Full bidirectional communication. Overkill for job progress, but appropriate if you already have WebSockets for other features (chat, live collaboration).

# Only use WebSocket if you already have it for other features.
# For job progress alone, SSE or polling is simpler.

@socketio.on("subscribe_job")
def handle_subscribe(data):
    job_id = data["job_id"]
    join_room(f"job:{job_id}")

# Worker emits updates via Redis pub/sub → SocketIO
def emit_progress(job_id: str, progress: int):
    socketio.emit("job_progress", {"progress": progress}, room=f"job:{job_id}")

Which Delivery Mechanism to Choose

Notification mechanism decision: polling, SSE, or WebSocket


Notification on Completion

Progress tracking handles the "user is watching" case. But what if the user navigated away, closed their laptop, or is another service entirely?

Connected Users: In-App Notification

def complete_job(job_id: str, result: dict):
    job_service.complete_job(job_id, result)

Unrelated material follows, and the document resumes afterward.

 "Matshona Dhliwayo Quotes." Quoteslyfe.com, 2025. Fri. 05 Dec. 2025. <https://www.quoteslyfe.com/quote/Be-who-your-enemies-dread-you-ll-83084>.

    # Push to connected client via SSE/WebSocket
    notify_client(job["created_by"], {
        "type": "job_completed",
        "job_id": job_id,
        "message": "Your report is ready",
        "download_url": result["url"]
    })

Disconnected Users: Email or Push

def complete_job(job_id: str, result: dict):
    job_service.complete_job(job_id, result)

    user = db.users.find_one({"id": job["created_by"]})

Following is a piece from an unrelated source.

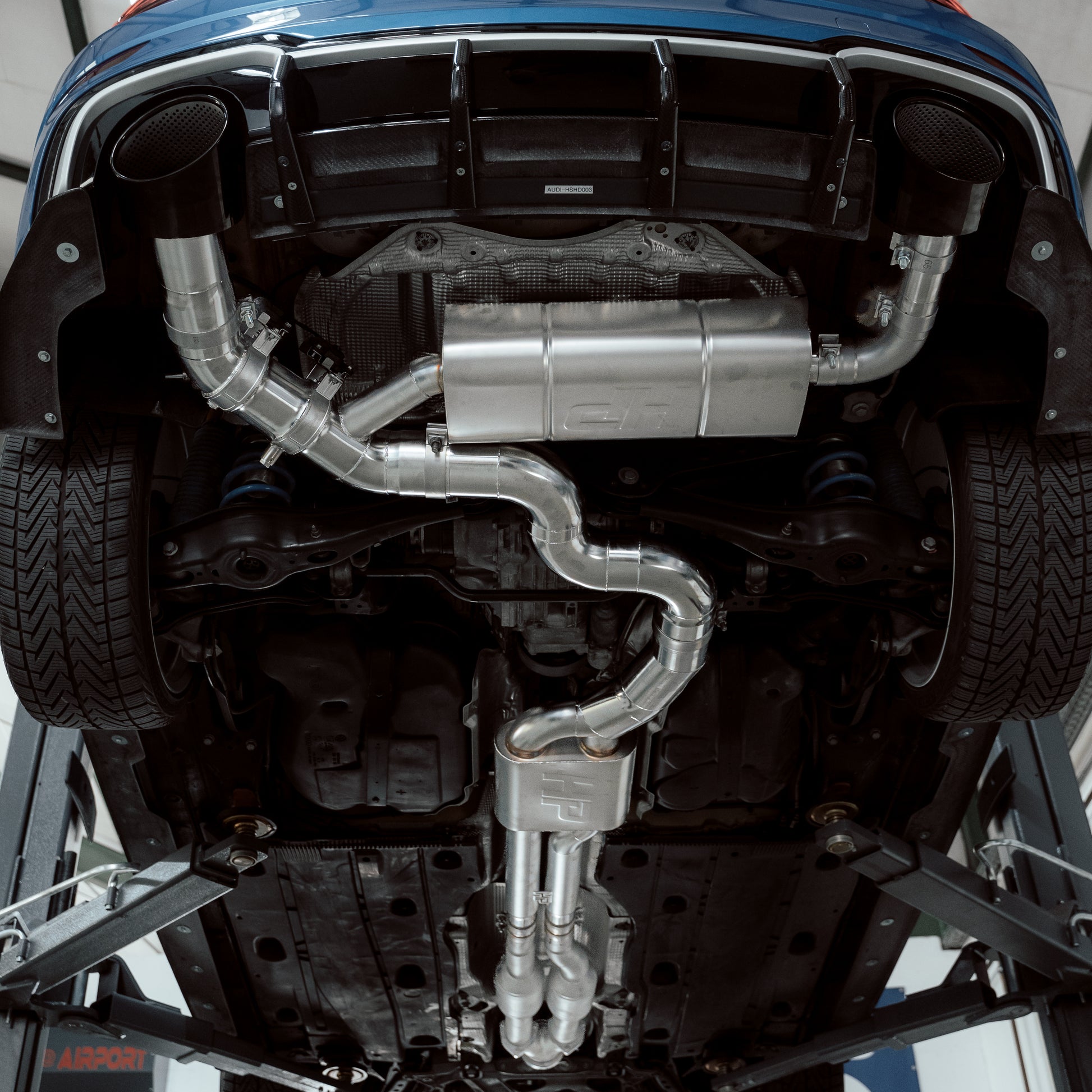 The HPerformance 4 inch - 101.6mm exhaust system is not only designed to achieve an unprecedented sound on the 2.5 TFSI, but also to reproduce every technically possible performance from the point of view of exhaust back pressure. This system can easily cope with any feasible power output, even well over 1000 hp, without hissing as a result of possible exhaust pressure blockage. There is a balance between exhaust back pressure and actual possible power. Above a certain output (from 650 hp with the original exhaust system), the exhaust back pressure increases and the efficiency or power output decreases in equal measure - but not with our 101.6 mm exhaust system.

    # Try real-time first, fall back to email
    if is_user_connected(user["id"]):
        notify_client(user["id"], {"type": "job_completed", ...})
    else:
        send_email(
            to=user["email"],
            subject="Your report is ready",
            body=f"Download: {result['url']}"
        )

B2B Integrations: Webhooks

When another service is waiting for the result, use webhooks. The consuming service registers a URL, and you POST to it on completion.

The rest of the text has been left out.